However, identifying suitable CVs is often non-trivial, especially for systems where the slowest collective motions are not obvious. In recent years, machine learning–based approaches have shown promise in automatically discovering meaningful CVs. For practical examples, you can explore the mlcolvar package, which implements some data-driven methods.

Free Energy

We often care about the free energy of a system, as it serves as a measure of its stability.
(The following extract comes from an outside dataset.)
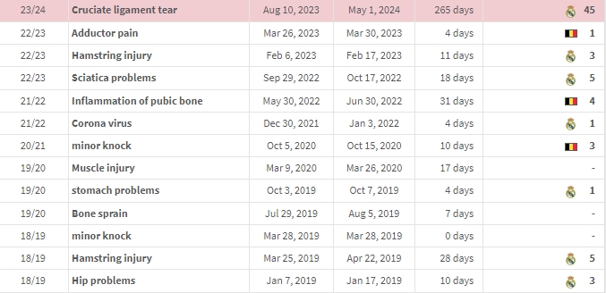 2023-24赛季:十字韧带撕裂,已休养265日,缺阵45场皇马比赛

In the NVT ensemble, the Helmholtz free energy is defined as

\[F = -\frac{1}{\beta} \ln Z = -\frac{1}{\beta} \ln \int \mathrm{e}^{-\beta U(\mathbf{x})} \, \mathrm{d}\mathbf{x}\]

By selecting a collective variable (CV) $ \theta(\mathbf{x}) $, we effectively group together all configurations that share the same value of $ \theta $. This corresponds to the marginal probability along $ \theta $, which can be expressed using a Dirac delta function:

\[p(\theta) = \frac{1}{Z} \int \mathrm{e}^{-\beta U(\mathbf{x})} \, \delta(\theta - \theta(\mathbf{x})) \, \mathrm{d}\mathbf{x} = \frac{Z_\theta}{Z}\]
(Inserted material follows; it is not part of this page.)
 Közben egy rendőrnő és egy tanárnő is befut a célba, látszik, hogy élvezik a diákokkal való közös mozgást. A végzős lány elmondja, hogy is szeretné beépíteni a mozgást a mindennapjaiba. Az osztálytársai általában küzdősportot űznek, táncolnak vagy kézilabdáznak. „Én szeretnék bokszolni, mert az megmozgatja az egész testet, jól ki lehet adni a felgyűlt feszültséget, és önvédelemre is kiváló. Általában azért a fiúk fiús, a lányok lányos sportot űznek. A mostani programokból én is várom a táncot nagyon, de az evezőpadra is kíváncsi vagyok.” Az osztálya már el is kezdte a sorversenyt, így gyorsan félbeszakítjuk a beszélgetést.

We can then define the free energy along this coordinate, often referred to as the free energy profile or potential of mean force (PMF) (these two terms are generally interchangeable) as

\[F(\theta) = -\frac{1}{\beta} \ln Z_{\theta} = -\frac{1}{\beta} \ln p(\theta) + \text{const.} = -\frac{1}{\beta} \ln \int \mathrm{e}^{-\beta U(\mathbf{x})} \, \delta(\theta - \theta(\mathbf{x})) \, \mathrm{d}\mathbf{x} + \text{const.}\]
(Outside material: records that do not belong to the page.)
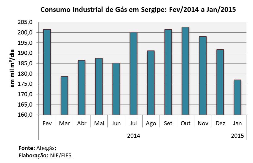 Análise realizada pelo Boletim Sergipe Econômico, parceria do Núcleo de Informações Econômicas (NIE) da Federação das Indústrias do Estado de Sergipe (FIES) e do Departamento de Economia da UFS, com base nos dados da Abegás, apontou que foram consumidos no estado 271,1 mil metros cúbicos (m³), por dia, no primeiro mês do ano. Quando comparado com janeiro de 2014, percebeu-se que o consumo de gás recuou 0,1%. Já na comparação mensal (dezembro/2014) houve redução de 7,2% no consumo.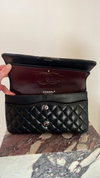 Chanel Classic Flap taske i sort læder med sølv hardware.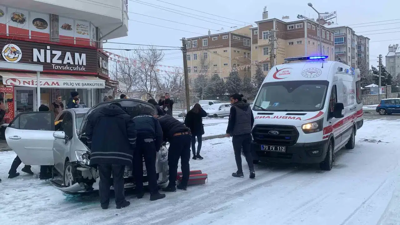 Kaza, sabah saatlerinde Ziya Gökalp Mahallesi Şehit Şahin Mavi Caddesi üzerinde bulunan kavşakta yaşandı. Edinilen bilgiye göre, A.T. yönetimindeki 34 FYT 043 plakalı Fiat marka hafif ticari araç kavşakta D.T. idaresindeki 06 DN 4654 plakalı Toyota marka otomobile çarptı. Kazadan sonra kontrolden çıkan otomobil kaldırıma çıkarak tavuk satışı yapan iş yerinin tavuk pişirme kabinine çarparak durdu. O anlar ise kameraya yansıdı. Kazada otomobilde yolcu olarak bulunan A.Ç. isimli yaşlı kadın yaralandı. İhbar üzerine adrese sağlık, itfaiye ve polis ekipleri sevk edildi. Otomobilin içindeki yaralı yaşlı kadın sağlık ve çevredeki vatandaşların yardımıyla araç içerisinden çıkarılarak ambulansa alındı. İlk müdahalesi ambulansta yapılan yaşlı kadın daha sonra götürüldüğü Karaman Eğitim ve Araştırma Hastanesi’nde tedavi altına alındı.

The constant term is unimportant since we can choose an arbitrary reference level for the free energy. Thus, the free energy profile can be written as

\[F(\theta) = -\frac{1}{\beta} \ln p(\theta) = -\frac{1}{\beta} \ln \int \mathrm{e}^{-\beta U(\mathbf{x})} \, \delta(\theta - \theta(\mathbf{x})) \, \mathrm{d}\mathbf{x} = -\frac{1}{\beta} \ln \langle \delta(\theta - \theta(\mathbf{x})) \rangle\]

Estimating Free Energy from Simulation

From the previous derivation, we know that estimating the free energy profile reduces to estimating the probability distribution of a given CV $p(\theta)$. A common and effective method for this is Kernel Density Estimation (KDE).

If we have sampled a set of configurations and computed their corresponding CV values $\lbrace \theta(\mathbf{x}_i) \rbrace _{i=1}^M$ , then the estimated distribution is given by

\[p(\theta) = \frac{1}{M} \sum_{i=1}^M K_h \big(\theta - \theta(\mathbf{x}_i)\big),\]

where $K$ is the kernel function, and $h$ is the bandwidth (a smoothing parameter). A larger bandwidth results in a smoother estimate, while a smaller one makes the distribution appear more peaked, approaching a delta function.

There are various choices of kernels; the most common one is the Gaussian kernel:

\[K_h(x) = \frac{1}{\sqrt{2\pi}h} \, \mathrm{e}^{-\frac{x^2}{2h^2}}.\]

If the configurations are sampled from a biased distribution, as discussed in the previous post, we can correct for this bias using a weighted KDE:

\[p(\theta) = \frac{1}{M} \sum_{i=1}^M w_i \, K_h(\theta - \theta_i), \quad w_i = \frac{\mathrm{e}^{\beta U_b(\theta(\mathbf{x}_i))}}{\sum\limits_{i=1}^M \mathrm{e}^{\beta U_b(\theta(\mathbf{x}_i))}}.\]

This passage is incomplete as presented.